Le jeune Edwin Drood disparaît brutalement un soir de Noël, alors qu'il vient de rompre ses fiançailles avec Mlle Rosa, à laquelle il était destiné par testament. Les soupçons de toute la ville se portent sur un jeune étranger depuis peu parmi eux, alors que les soupçons du lecteur se déchaînent contre l'oncle d'Edwin, personnage à deux visages s'il en est.

Nous ne saurons jamais ce que Dickens nous réservait en épilogue, et apparemment la littérature abonde de romans destinés à combler ce manque insupportable ou à s'en inspirer, à s'y référer (dernier en date, celui de Dan Simmons).

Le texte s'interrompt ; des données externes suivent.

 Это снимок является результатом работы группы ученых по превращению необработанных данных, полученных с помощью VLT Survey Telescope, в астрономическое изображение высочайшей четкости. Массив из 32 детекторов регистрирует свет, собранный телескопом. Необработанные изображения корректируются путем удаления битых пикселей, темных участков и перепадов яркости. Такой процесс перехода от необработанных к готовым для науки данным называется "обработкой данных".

Il y a de très beaux personnages, la ville même de Cloisterham est très joliment dépeinte, j'ai aimé la droiture de M. Crisparkle et le caractère "anguleux" de M. Grewgious, j'ai ri aux prises de bec de Mlle Twinkleton et de la Billikin, j'ai regretté de si peu connaître, finalement, Neville Landless ou Edwin Drood.

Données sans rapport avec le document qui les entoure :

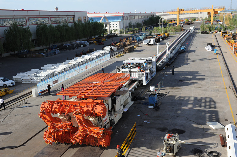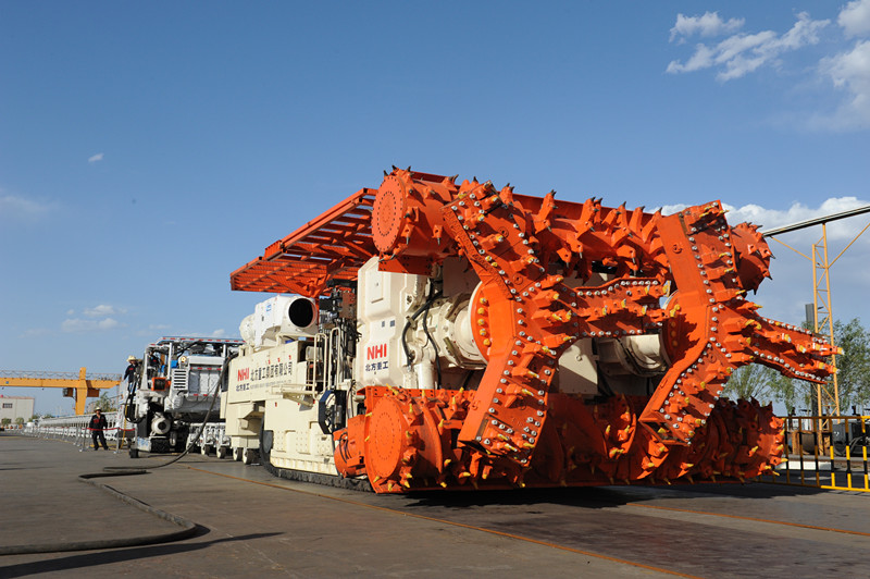 Based on the international advanced technology,NHI successfully developed the full-section coal road high efficiency boring machine_QMJ4260.The machine has multifunction of full-section, continuous cutting technology, automatic positioning, wireless remote control technology, fast loading and shipping, dust removing, airborne Roofbolter and shunting. It achieves coal road fast driving, long-distance remote control operation and significantly improves driving efficiency. With over 3000m footage per month, QMJ4260 boring machine achieves another technological leapfrogging in the field of coal driving.

A propos de M. Crisparkle : "Il était fidèle à son devoir, simplement et résolument, dans les circonstances importantes comme dans les plus insignifiantes. Ainsi en est-il toujours pour les âmes droites. Oui, il en fut, il en est, il en sera toujours ainsi pour toutes les âmes droites. Rien n'est petit pour ceux qui sont véritablement grands par l'esprit".

La traduction (toujours dans le volume 9 de la bibliothèque de la Pléiade, toujours celui de Fashion), est de Renée Villoteau, revisée par Sylère Monod qui signe également la notice et les notes.

Par exemple, ces paroles de Mlle Twinkleton : "Alors souvenons-nous toujours de ce qu'a dit le général spartiate - en termes trop connus pour que je les cite - lors de cette bataille dont il est superflu de préciser le nom."

Note : "Mlle Twinkleton est avare de renseignements permettant d'identifier la phrase, l'officier et la bataille auxquels elle fait allusion. Mais la culture de Mlle Twinkleton n'étant pas illimitée, tout porte à croire qu'elle pense aux Thermophyles, et à l'affirmation que le roi-général et ses compagnons sont restés sur place et se sont fait tuer pour obéir aux lois de la cité."

J'apprécie de plus en plus le travail de Sylvère Monod, son humour et sa délicatesse.